Science needs more profiles like Cathy’s, highly committed and proactively working toward the protection of our environment, while at the same time to be great leaders and team-members of multidisciplinary projects."
Assistant Professor of Engineering Physics at University of Wisconsin–Madison
"The women I look up to in STEM are my aunt, Dr. Cindi Burnell, and one of my PhD dissertation advisors, Dr. Cynthia Phillips (PhD Physics from UW-Madison). I have so many great memories of my Aunt Cindi bringing along science experiments when she babysat me and my very first time seeing a real lab was when she took me to graduate school with her. My curiosity and love of science brought me to Princeton University and the male dominated field of fusion energy and plasma science. Part of the reason I'm doing the research I do now is because of Dr. Phillips - she was a brilliant scientist, lecturer and mentor and it was with her guidance that I found a passion in wave physics and saw first-hand that women can succeed in our field."

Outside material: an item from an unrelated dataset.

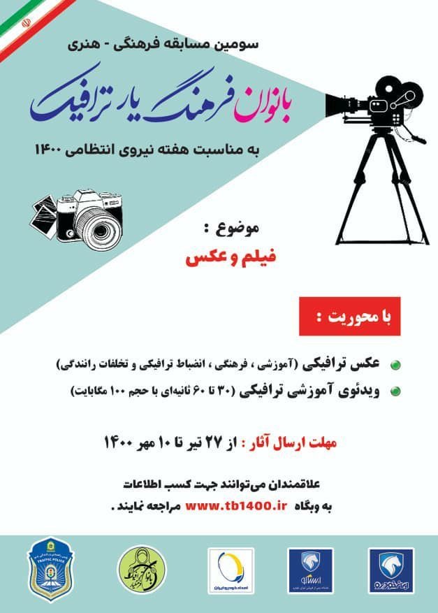 وی افزود: موضوع اين مسابقه فرهنگي هنری ارتقای انضباط ترافيکی است و محورهاي آثار ارسالي اين مسابقه شامل عکس ترافيکي (آموزشي، فرهنگي، انضباط ترافيکي و تخلفات رانندگي)، فيلم آموزش ترافيکی (حداکثر 60 ثانيهای با حجم 100مگابايت) است.

Professor & Chair of Life Sciences Communication at University of Wisconsin–Madison
"I actually have learnt to value myself. I think it is important for all of us women in STEM to realize our self worth and combat the impostor syndrome. We need to be proud of our own accomplishments."
Research Coordinator at Great Lakes Bioenergy Research Center
"I stumbled upon Dr. Ayana Elizabeth Johnson’s Instagram this summer and she has been a great inspiration ever since! Dr. Johnson is an optimistic climate change activist who hosts an uplifting podcast about solutions to climate change. I usually feel very pessimistic about the changing climate and her voice really gives me hope and inspires me to take action."
Undergraduate Research Assistant at Michigan Tech University
"Growing up, I always looked up to Marie Curie. Not only was she the first woman to receive a nobel prize, but she received two of them in different fields. She made amazing strides in chemistry and encouraged her daughter to follow her. She was an extraordinary woman and someone I've always had a lot of respect for."